Александр Павлович для этого совершенно не подходил. Он “со славой правил” четверть столетия, слишком многое совершил, слишком полновесно осуществился в истории — русской и мировой. Его “загадочность” была слишком салонной, слишком придворной, чтобы ее различало простонародье. Для крестьянина, мануфактурного рабочего, каторжника, поселенца (то есть для той среды, что и становится закваской для самозванства) он был не “сфинкс, не разгаданный до гроба”, а простой русский Государь, победитель Наполеона, освободитель России, монарший друг Кутузова.

Что же до отцеубийства, то, даже если бы официальная тайна была оглашена, все равно народная религиозная фантазия продолжала бы интересоваться убиенным, а не убийцей.

Словом, в Александре Павловиче совершенно нечего было подменять. (Или — точнее — заменять, ибо народное религиозное сознание воспринимало самозванца как истинного царя, который был предназначен от века, но в силу внешних обстоятельств лишен возможности осуществить предначертанное; “законный” Государь, в таком случае, казался лжецарем, самочинцем на троне, увенчанным от врага рода человеческого.)

Во-вторых, даже в конце 1820-х годов, когда появились некоторые основания для “замены” — кончина царя вдали от столиц, закрытый наглухо гроб, путаница с присягами, военно-поселенческие волнения, участникам которых отнюдь не помешал бы свой крестьянский царь, — претендентов на александровскую вакансию практически не нашлось.

Больше того.

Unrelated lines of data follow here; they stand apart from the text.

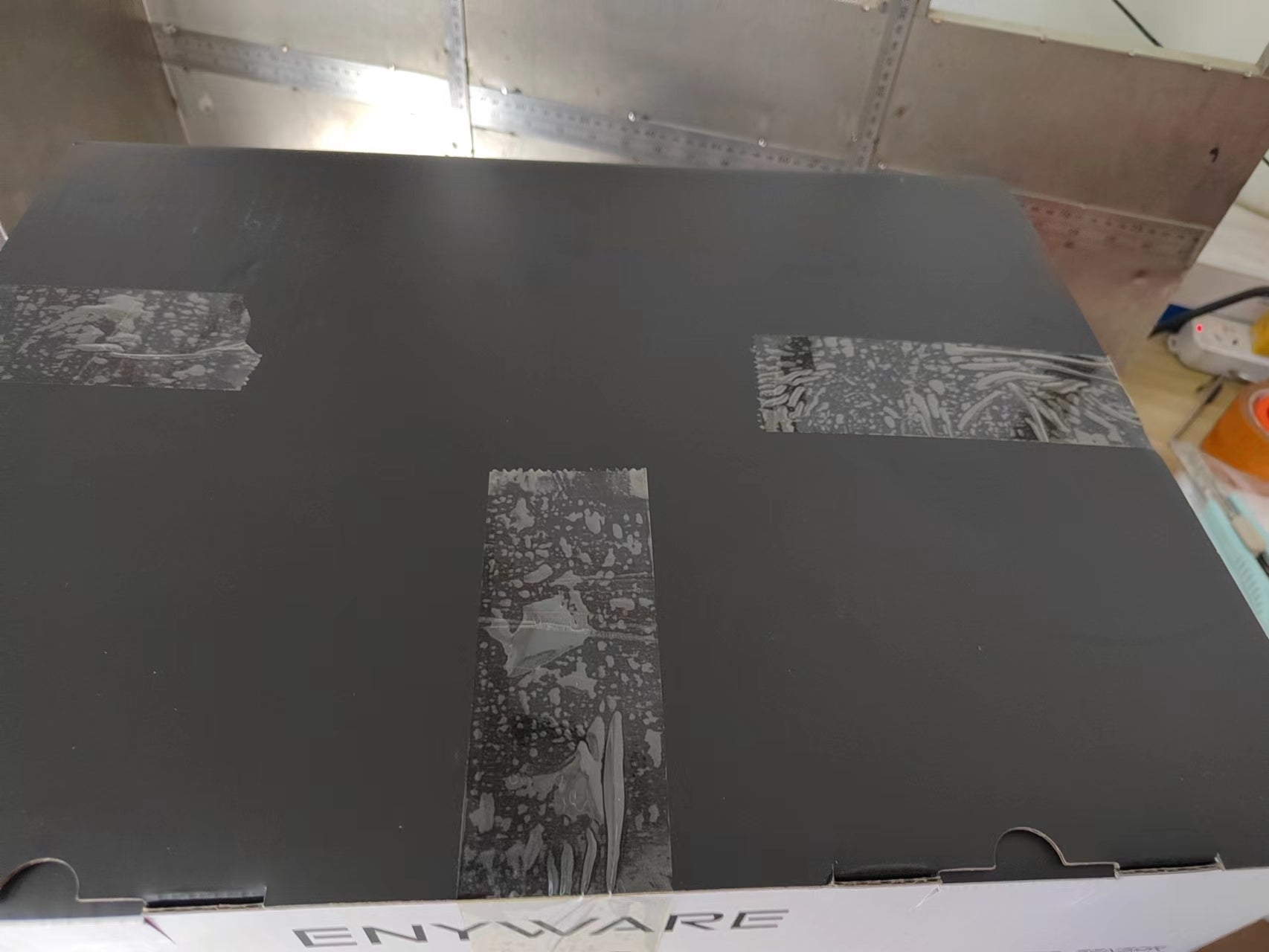 粘着テープがたくさん貼られていました。
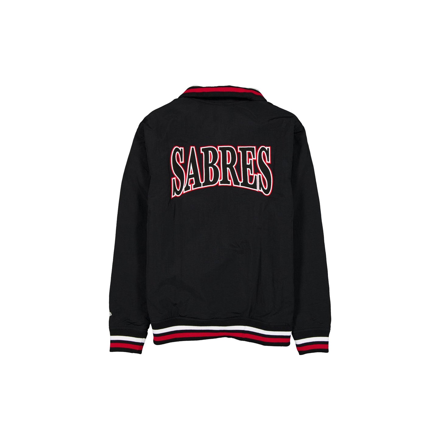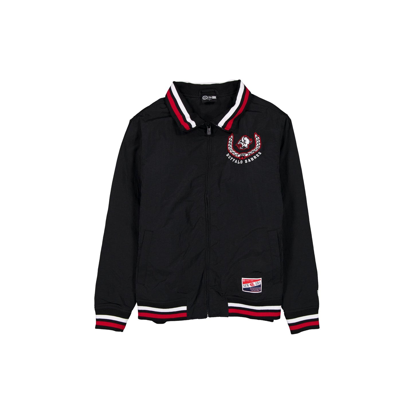 The Buffalo Sabres Throwback Laurel Jacket features an embroidered Sabres laurel graphic at the left chest with a wordmark at the rear. Additional details include a woven New Era jock tag at the left hip, front pockets, a zipper closure, and a quilted lining.
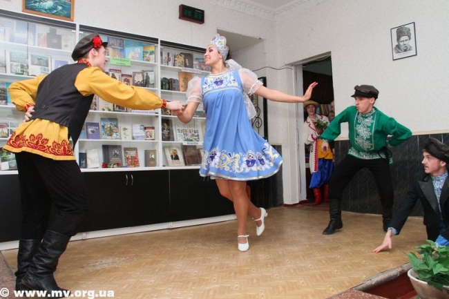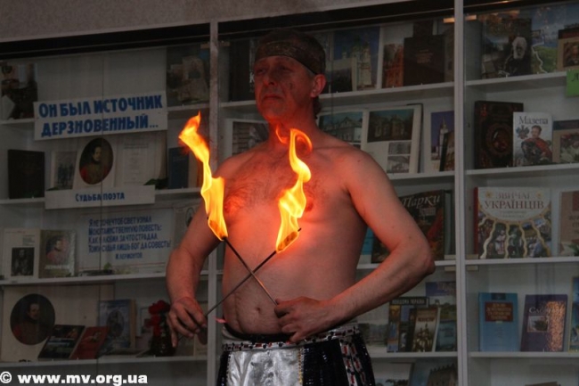 Поразили гостей артисты народного цирка "Пламя молодости" и особенно Факир (Александр Крыжановский), которого ни огонь не брал, ни ножи не резали, ни гвозди не кололи. Вокальный коллектив "Черешни" ДК железнодорожников постарался создать праздничное настроение у гостей. Затем началась интеркультурная страничка в исполнении национально-культурных обществ Мелитополя.

В любой истории александровского царствования можно прочесть, что зимой 1825/26 года некий дворовый человек Федор Федоров (совершенно случайное совпадение с именем старца) собрал “Московские повести, или Новые правдивые и ложные слухи, которые после виднее означутся, которые правдивые, а которые лживые, а теперь утвердить ни одних не могу, но решился на досуге списывать, для дальнего время незабвенного, именно 1825 года, с декабря 25-го дня”[40]. Зная славную традицию отечественных слухов, помня обстоятельства таганрогского успения и способ доставки царского тела (закрытый гроб) в столицу империи, чего вправе мы ожидать? Что по крайней мере две трети версий будут подобны объявлениям в народной газете об открытом конкурсе на освободившуюся должность русского царя. Что почти все они станут толковать об его исчезновении.

Совсем напротив.

Лишь некоторая — не самая значительная — часть слухов прямо дарует Александру Павловичу “жизнь после смерти”. Причем один из них при этом указывает и на место “сокрытия”, и на род деятельности, каким прежний царь займется в новое правление. То есть заранее отсечена самозваная перспектива, главное условие которой — неизвестность царского местопребывания и незавершенность монаршего дела.

...жив, его продали в иностранную неволю...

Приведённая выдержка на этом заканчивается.